Die Empfehlungen stammen aus der erstmals veröffentlichten Studie «Foundations for Growth and Competitiveness» der OECD.

Mehr Transparenz und weniger staatlichen Einfluss

Weiter empfiehlt die Organisation, den staatlichen Einfluss in sogenannten Netzwerkbranchen zurückzufahren, also in Bereichen wie Energie, Verkehr oder Telekommunikation. Kantonale Betriebe sollten stärker nach den gleichen Governanceregeln wie Bundesunternehmen geführt werden, um Wettbewerbsverzerrungen zu reduzieren.

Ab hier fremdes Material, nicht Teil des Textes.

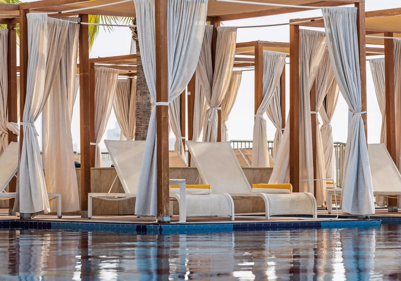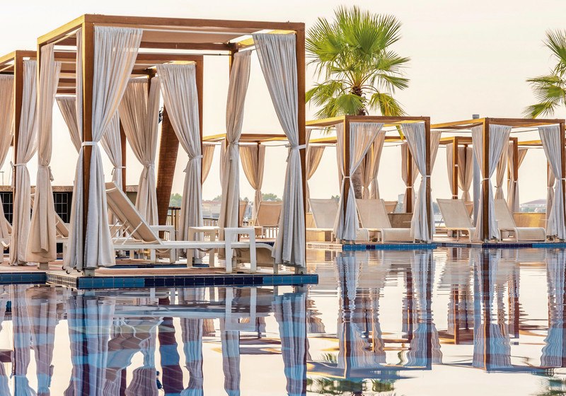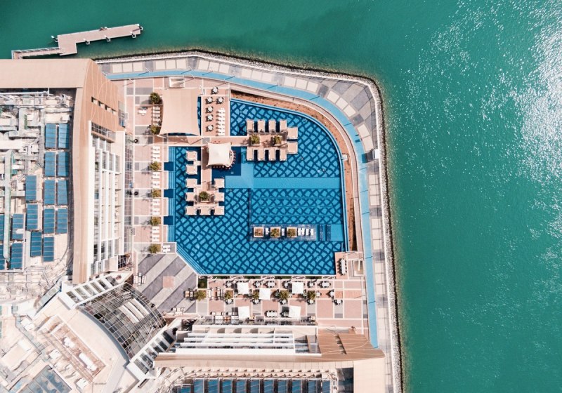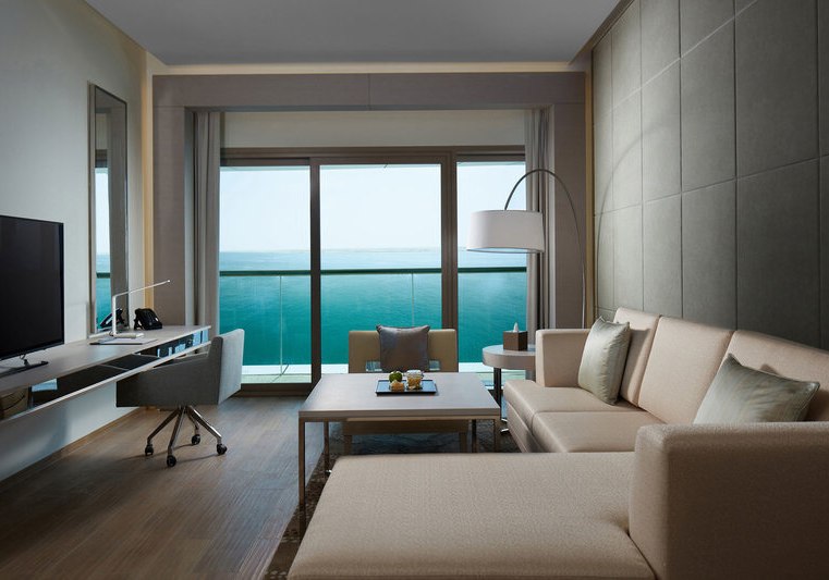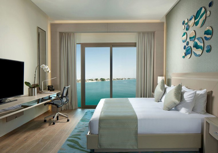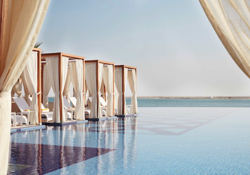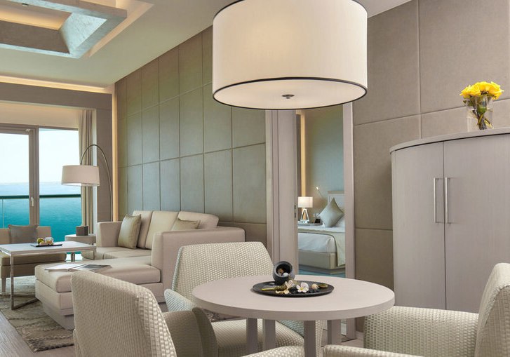 Mit 225 Zimmern und Suiten sowie 35 privaten Villen bietet das Haus Raum für Paare, befreundete Reisende und Familien. Ihr wählt zwischen der Lebendigkeit der Bars und Lounges und dem stilleren Rhythmus am Wasser. Ein Shuttle bringt Euch zum nahegelegenen Corniche Beach, der Marina Walkway liegt fußläufig. Kulinarisch wartet Vielfalt: zwei Restaurants, vier Bars, darunter die Poolbar „View“ und die elegante „Cuvee“ Bar – ideal für den Abendabschluss am Wasser.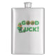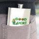 A funny Leprechaun in a green suit with a red beard and a gold coin in his hand wishes you good luck!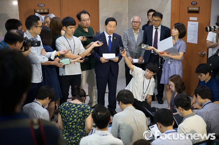 (서울=포커스뉴스) 김상곤 전 더불어민주당 혁신위원장이 24일 오전 서울 여의도 국회 정론관에서 당대표 출마 기자회견을 마친 뒤 취재진의 질문에 답하고 있다.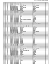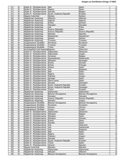 Anlagen zur Schriftlichen Anfrage 17/18067 ANLAGE 2 Abschiebungen 1. Halbjahr 2017 Alter Geschlecht Ausreisegrund Nationalität Zielstaat Anzahl <1 M Abgelehnter Asylantrag Albanien Albanien 1 <1 M Abgelehnter Asylantrag Bosnien-Herzegowina Bosnien-Herzegowina 1 <1 M Abgelehnter Asylantrag Kosovo (Republik) Kosovo (Republik) 3 <1 M Abgelehnter Asylantrag Mazedonien Mazedonien 1 <1 M Abgelehnter Asylantrag Serbien Serbien 1 <1 M Dublin III - Rückübernahme Irak Dänemark 1 <1 M Dublin III - Rückübernahme Russland Polen 1 1 M Abgelehnter Asylantrag Albanien Albanien 1 1 M Abgelehnter Asylantrag Armenien Tschechische Republik 1 1 M Abgelehnter Asylantrag Kosovo (Republik) Kosovo (Republik) 5 1 M Abgelehnter Asylantrag Mazedonien Mazedonien 1 1 M Abgelehnter Asylantrag Russland Russland 1 1 M Abgelehnter Asylantrag Syrien, Arabische Republik Belgien 1 1 M Ausreisepflicht kraft GesetzesPolen Polen 1 1 M Dublin III - Rückübernahme Afghanistan Slowenien 1 1 M Dublin III - Rückübernahme Russland Polen 3 1 M Dublin III - Rückübernahme Syrien, Arabische Republik Belgien 1 2 M Abgelehnter Asylantrag Albanien Albanien 1 2 M Abgelehnter Asylantrag Bosnien-Herzegowina Bosnien-Herzegowina 2 2 M Abgelehnter Asylantrag Kosovo (Republik) Kosovo (Republik) 2 2 M Abgelehnter Asylantrag Serbien Serbien 2 2 M Abgelehnter Asylantrag Syrien, Arabische Republik Lettland 1 2 M Ausreisepflicht kraft GesetzesSomalia Italien 1 2 M Dublin III - Rückübernahme Ukraine Estland 1 3 M Abgelehnter Asylantrag Albanien Albanien 1 3 M Abgelehnter Asylantrag Bosnien-Herzegowina Bosnien-Herzegowina 1 3 M Abgelehnter Asylantrag Mazedonien Mazedonien 1 3 M Abgelehnter Asylantrag Serbien Serbien 2 3 M Abgelehnter Asylantrag Ukraine Ukraine 1 3 M Dublin III - Rückübernahme Irak Bulgarien 1 3 M Dublin III - Rückübernahme Russland Polen 1 3 M Dublin III - Rückübernahme Syrien, Arabische Republik Belgien 1 4 M Abgelehnter Asylantrag Georgien Georgien 2 4 M Abgelehnter Asylantrag Mazedonien Mazedonien 4 4 M Abgelehnter Asylantrag Serbien Kosovo (Republik) 1 4 M Abgelehnter Asylantrag Serbien Serbien 1 4 M Abgelehnter Asylantrag Syrien, Arabische Republik Lettland 1 4 M Dublin III - Rückübernahme Syrien, Arabische Republik Schweden 1 5 M Abgelehnter Asylantrag Albanien Albanien 1 5 M Abgelehnter Asylantrag Bosnien-Herzegowina Bosnien-Herzegowina 4 5 M Abgelehnter Asylantrag Kosovo (Republik) Kosovo (Republik) 2 5 M Abgelehnter Asylantrag Mazedonien Mazedonien 1 5 M Abgelehnter Asylantrag Serbien Serbien 2 5 M Dublin III - Rückübernahme Armenien Dänemark 1 5 M Dublin III - Rückübernahme Irak Finnland 1 5 M Dublin III - Rückübernahme Russland Polen 2 5 M Dublin III - Rückübernahme Ukraine Litauen 1 6 M Abgelehnter Asylantrag Mazedonien Mazedonien 3 6 M Abgelehnter Asylantrag Russland Russland 1 6 M Abgelehnter Asylantrag Serbien Serbien 3 6 M Dublin III - Rückübernahme Ukraine Estland 1 7 M Abgelehnter Asylantrag Aserbaidschan Aserbaidschan 1 7 M Abgelehnter Asylantrag Bosnien-Herzegowina Bosnien-Herzegowina 1 7 M Abgelehnter Asylantrag Kosovo (Republik) Kosovo (Republik) 3 7 M Abgelehnter Asylantrag Mazedonien Mazedonien 3 7 M Abgelehnter Asylantrag Russland Polen 1 7 M Abgelehnter Asylantrag Serbien Serbien 1 7 M Abgelehnter Asylantrag Ukraine Polen 1 7 M Dublin III - Rückübernahme Äthiopien Norwegen 1 7 M Dublin III - Rückübernahme Irak Bulgarien 1 7 M Dublin III - Rückübernahme Russland Polen 1 7 M Dublin III - Rückübernahme Ukraine Estland 1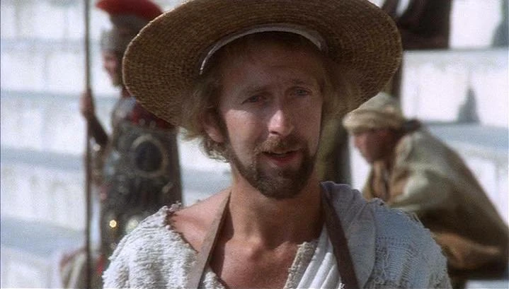 The focus therefore shifted to a separate individual born at the same time, in the neighbouring stable, who is subsequently mistaken for the messiah. When Jesus does appear in the film (as he does on two occasions, first in the stable, and then later speaking the Beatitudes - Matt 5:1-48), he is played straight (by British actor Kenneth Colley) - the comedy begins when members of the crowd mishear his statement “Blessed are the Peacemakers” (“I think he said, 'blessed are the cheesemakers'”).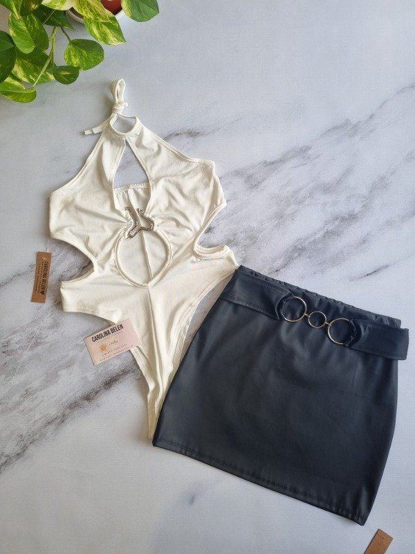 Mini engomada con cinto de aros, talle unico
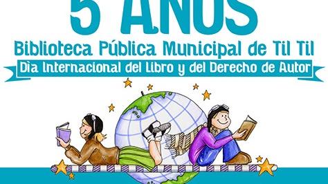 La biblioteca pública N°398 de Til Til cumple 5 años. Como buena festejada no sólo tendrá una ceremonia de aniversario el mismo día en que se celebrará el Día Internacional del Libro y el Derecho de autor; sino que además, tendrá muchas más actividades ligadas al quehacer literario.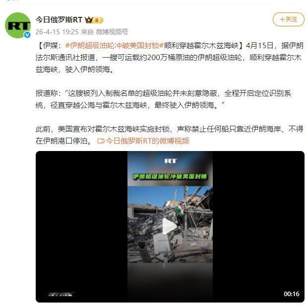 伊朗法尔斯通讯社发了条消息:4月15日清晨一艘被美国制裁的伊朗超级油轮,全程开着定位,大摇大摆穿过霍尔木兹海峡,顺利进了伊朗自己的领海。
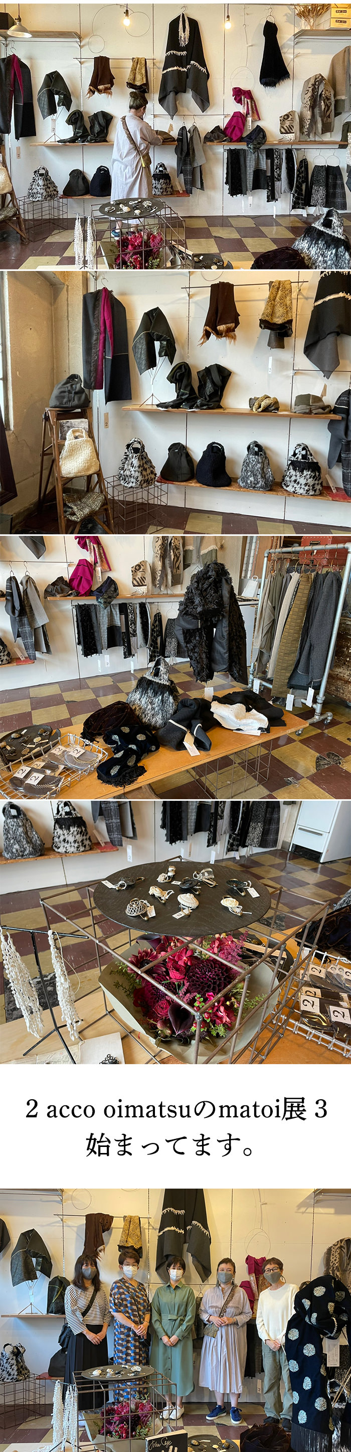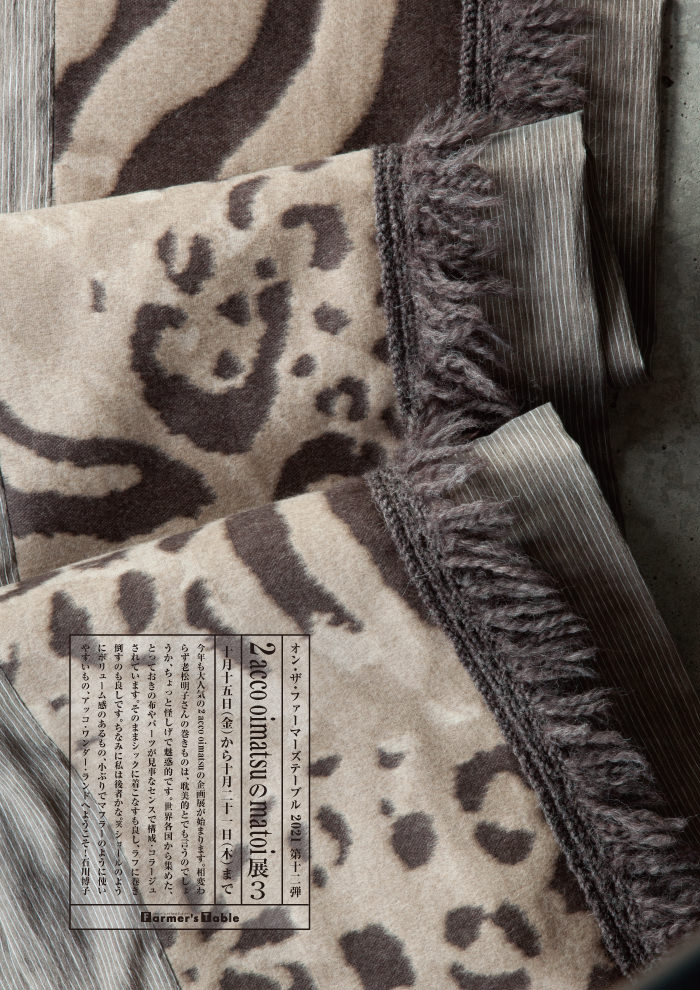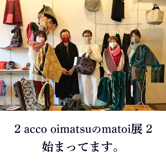 今年も大人気の 2 accooimatsu の企画展が始まります。相変わらず老松明子さんの巻きものは、耽美的とでも言うのでしょうか、ちょっと怪しげで魅惑的です。世界各国から集めた、とっておきの布やパーツが見事なセンスで構成・コラージュされています。そのままシックに着こなすも良し、ラフに巻き倒すのも良しです。ちなみに私は後者かな。笑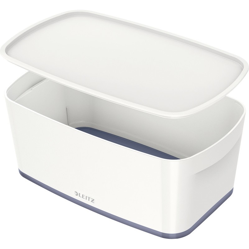 Boîte de rangement LEITZ® MyBox® en ABS robuste, résistant aux rayures et à l'eau, finition brillante, couverture emboîtable facile à ouvrir et à fermer, empilable les unes dans les autres, facile à nettoyer grâce aux coins arrondis, système de rangement MyBox® modulaire facile à combiner. petit volume 5 l. Dimensions: L 318 x H 128 x P 191 mm.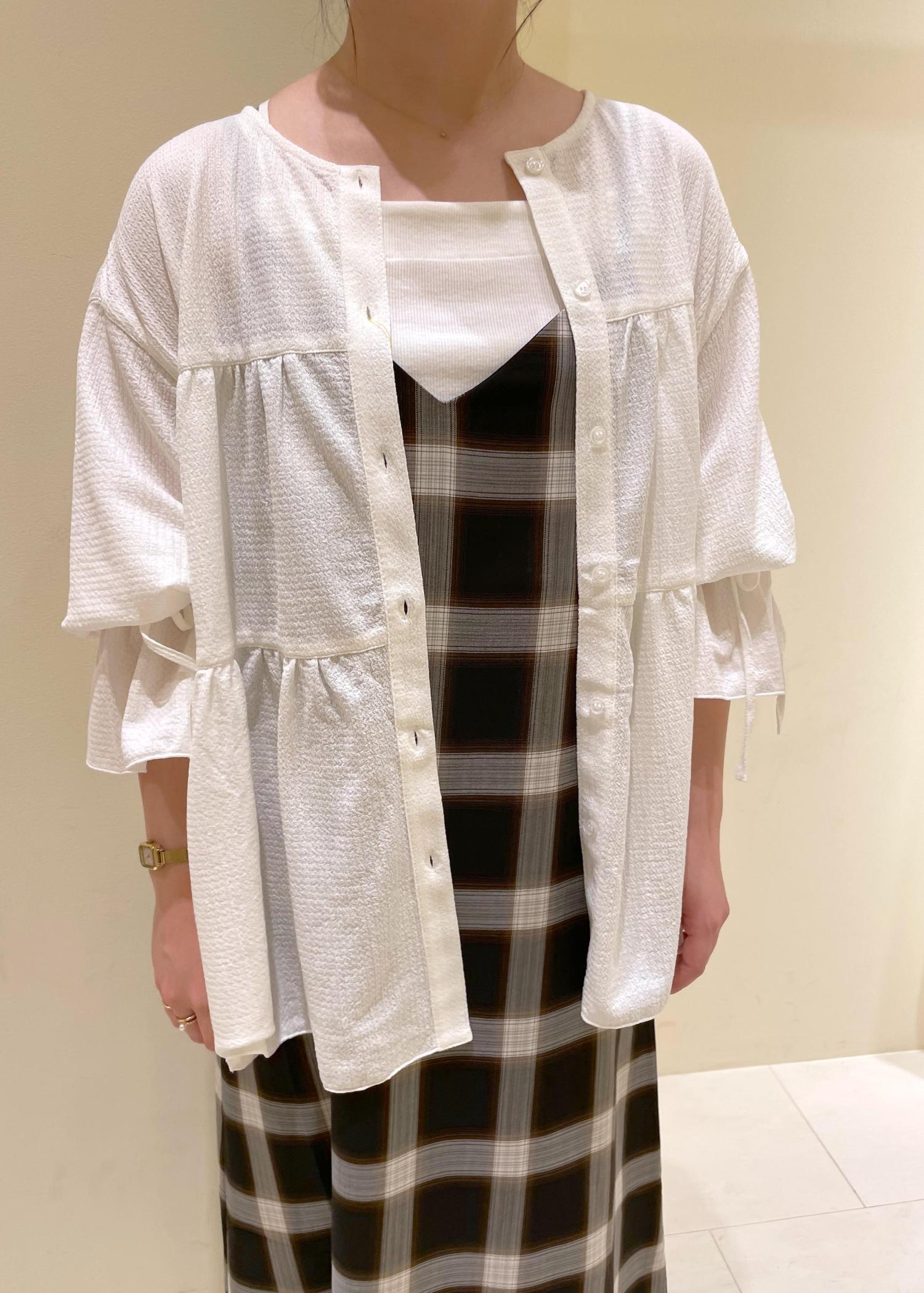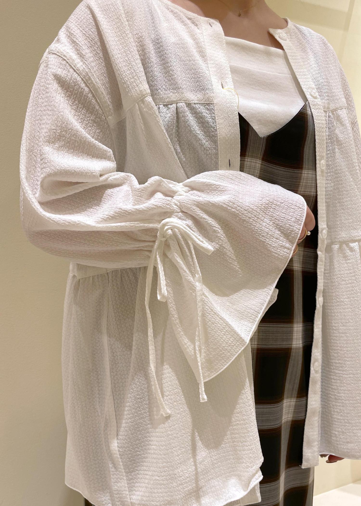 羽織りをプラスするだけで甘さのあるコーデにしてくれます!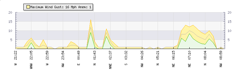 Wind Gust: | 16 mph | Min Temp: | 13.1 °C | Max Temp: | 15.5 °C | Wind Average: | 12 mph | Min Hum: | 90 % | Max Hum: | 93 % | |  |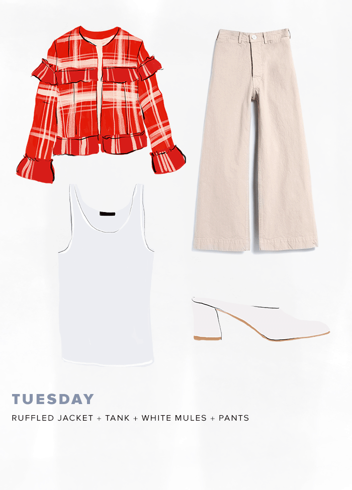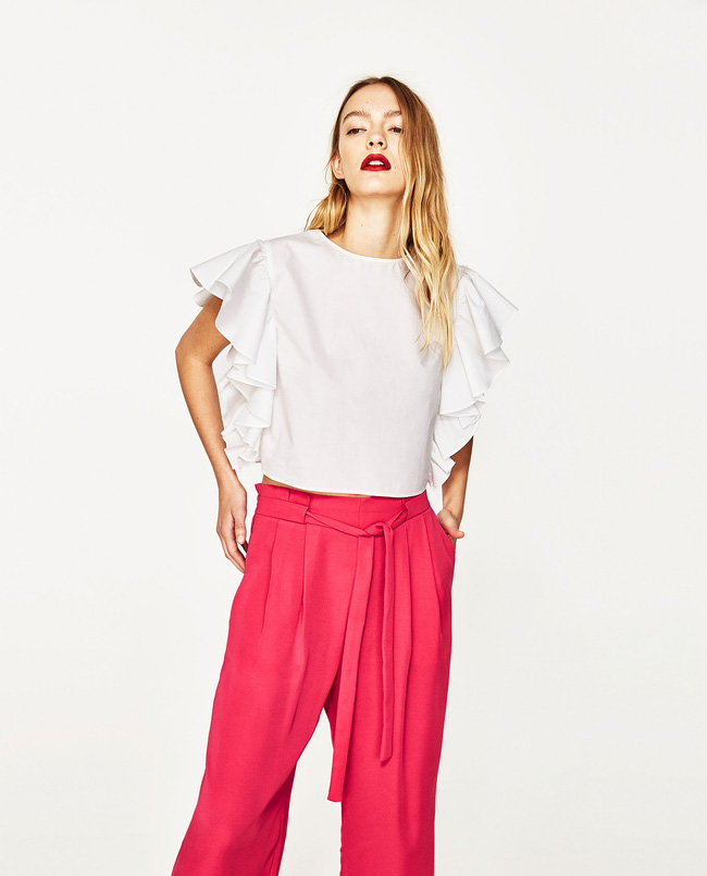 Vẫn là chiếc quần ống rộng quen thuộc ấy nhưng lần này, bạn hãy thử mix cùng một thiết kế áo xếp bèo điệu đà xem sao nhé. Ngày thứ 3 của bạn sẽ rất duyên dáng nữ tính với cặp đôi gọn gàng thanh lịch này đấy. Đừng quên chọn cho mình một đôi cao gót đi cùng để hoàn thiện vẻ ngoài chỉn chu cho ngày thứ 3 đi làm.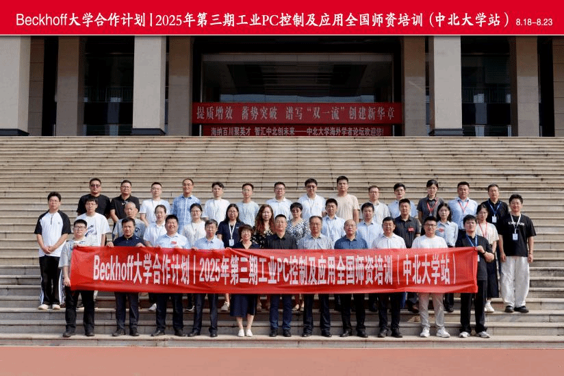 2025年8月18日至22日,由中国电工技术学会电气工程教育专委会、倍福中国自动化有限公司和中北大学主办,中北大学电气与控制工程学院承办的 “2025年第三期工业PC控制及其应用全国师资培训(中北大学站)” 在中北大学成功举办。来自全国16所高校的35位骨干教师、行业专家及企业代表齐聚太原,开展了为期五天的工业PC控制技术深度学习与交流。

Gebäude mit Logo der Organisation für wirtschaftliche Zusammenarbeit und Entwicklung.
Legende: Die Organisation für wirtschaftliche Entwicklung und Zusammenarbeit OECD hat erstmals untersucht, wie verschiedene Staaten in den Bereichen Wettbewerb, Wachstum oder soziales Leben stärker werden könnten. Keystone / Francois Mori

Zudem plädiert die OECD für weniger Hürden bei Lizenzen im Strassentransport für Carunternehmen. Lockerungen könnten den Eintritt neuer Anbieter erleichtern und so den Wettbewerb beleben. Auch im Gasmarkt sieht die Organisation Handlungsbedarf und fordert mehr Transparenz bei Preisen sowie eine konsequentere Durchsetzung fairer Marktpraktiken.

Regulierung mit Augenmass

Im digitalen Bereich fordert die OECD vertiefte Analysen zentraler Märkte wie Onlineplattformen, Werbung oder Clouddienste. Hintergrund sind die oft hohe Marktkonzentration und bestehende Eintrittsbarrieren. Gleichzeitig solle das derzeit diskutierte Kartellrecht so ausgestaltet werden, dass auch Übernahmen in digitalen Märkten wirksam geprüft werden können, insbesondere wenn grosse Anbieter kleinere potenzielle Konkurrenten übernehmen.

Bei neuen Regulierungen mahnt die OECD Augenmass an: Zusätzliche Kosten und administrativer Aufwand für Unternehmen sollten möglichst gering gehalten werden, insbesondere für KMU. Verbesserungspotenzial sieht die OECD auch im Insolvenzrecht. Verfahren sollten schneller und günstiger werden, gerade für kleinere Unternehmen. Dafür brauche es ausreichend Personal und Ressourcen.